我创造了一台自动售货机,工作正常。一旦交易完成,我想从项目数量中减去1。我在我的代码中提供了意见以供理解。忽略pred巧克力中的一些评论。不知怎的,我试图减去,但它不会。我不知道这似乎是什么问题。任何帮助表示赞赏。
sig button {
qty:Int} // buttons on vending machine for selecting chocolates
//sig coin{}
sig choco{
value:Int, // Each chocolate has some cost as an attribute aka value.

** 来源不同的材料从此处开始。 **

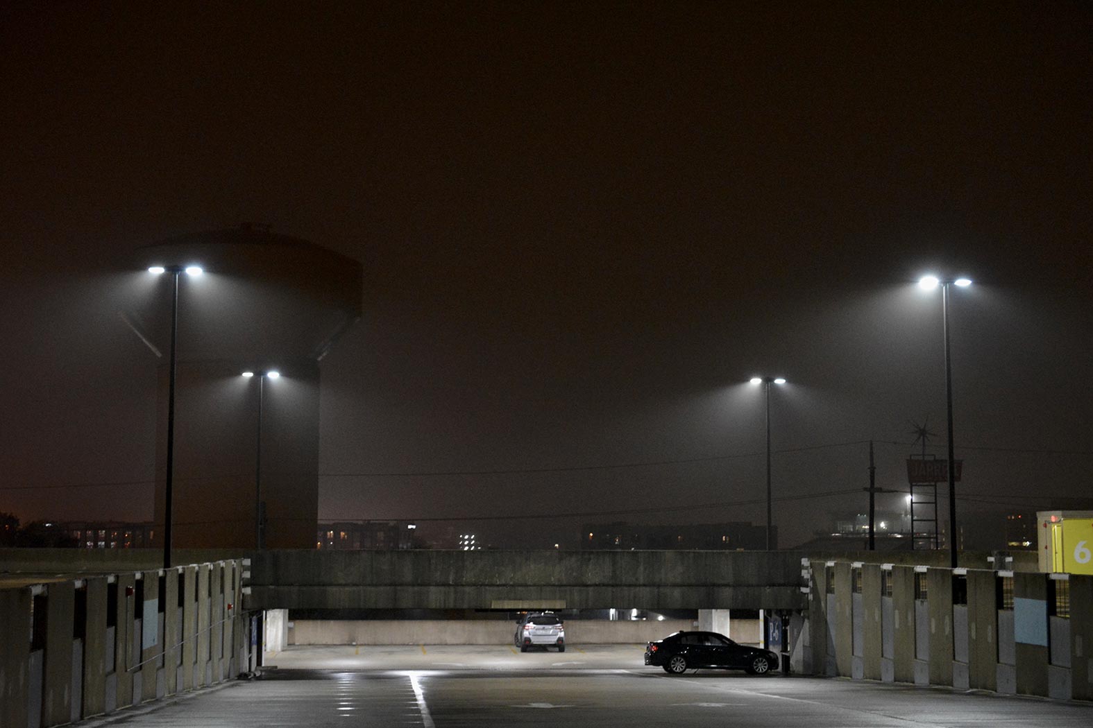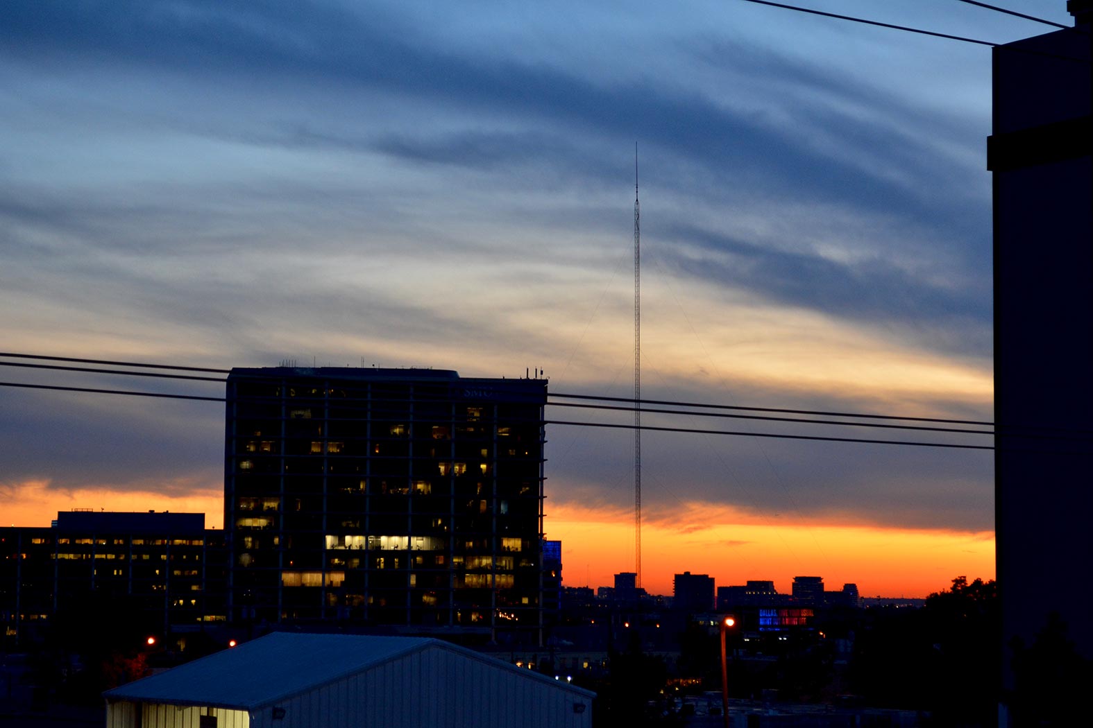 November 19, 2019 - Tuesday - When I left work I took the stairs down 12 flights, got out the door and realized I left my dinner in the fridge. Went back, took the elevator this time, and took the stairs up to the top of the parking garage. Had I come straight here the first time I image I would have a similar photo, but not this one. Love the fiery colors.

choice :one button // Selecting option
}
fact {
// all c:choco | all c1:choco -c | c1.choice != c.choice
}
sig machine{
cust : one customer, // Customer entity
a,b,c,d,nullb ,ip: one button, // buttons on vending machine ,ip is the input selected by user
//oners,twors,fivers ,tenrs,null1: set coin,
ipp,opc2 : one Coin, // ipp = input rs , opc = balance rs
customeripb: cust one -> one ip, // customer presses a button
customeripc: cust one -> one ipp, // customer enters coins
customeropc: opc2 one -> one cust, //customer receives balance of coins
op: one choco , // output of chocolate from machine
customerop: op one -> one cust, // customer receives a chocolate
cadbury, kitkat, eclairs , gum,null: lone choco // types of chocolate
}
{
//#(fivers+tenrs+null+twors+oners) = 5
#(a+b+c+d) = 4 // no of buttons of a b c and d are 4 on machine
# (cadbury+kitkat+ eclairs +gum) =4 // no of options to choose = 4
cadbury=choice.a // cadbury corresponds to button a
cadbury.value= 10 // cadbury costs 10rs
kitkat=choice.b // kitkat corresponds to button b
kitkat.value=5 // kitkat costs 5rs
null.value=0 // null costs 0 rs
null=choice.nullb
// as such null doesnt exist it is just to specify no i/p no o/p and nulb is an imaginary button
eclairs=choice.c // eclairs corresponds to button c
eclairs.value=1 // eclairs costs 1 rs
gum=choice.d // gum corresponds to button d
gum.value=2 // gum costs 1 rs
a.qty>=10 and a.qty<=40
b.qty>=11 and b.qty<=40
c.qty>=12 and c.qty<=40
d.qty>=13 and d.qty<=40
nullb.qty=0
//ip=nullb //input button selection is never nullb(which is imaginary button)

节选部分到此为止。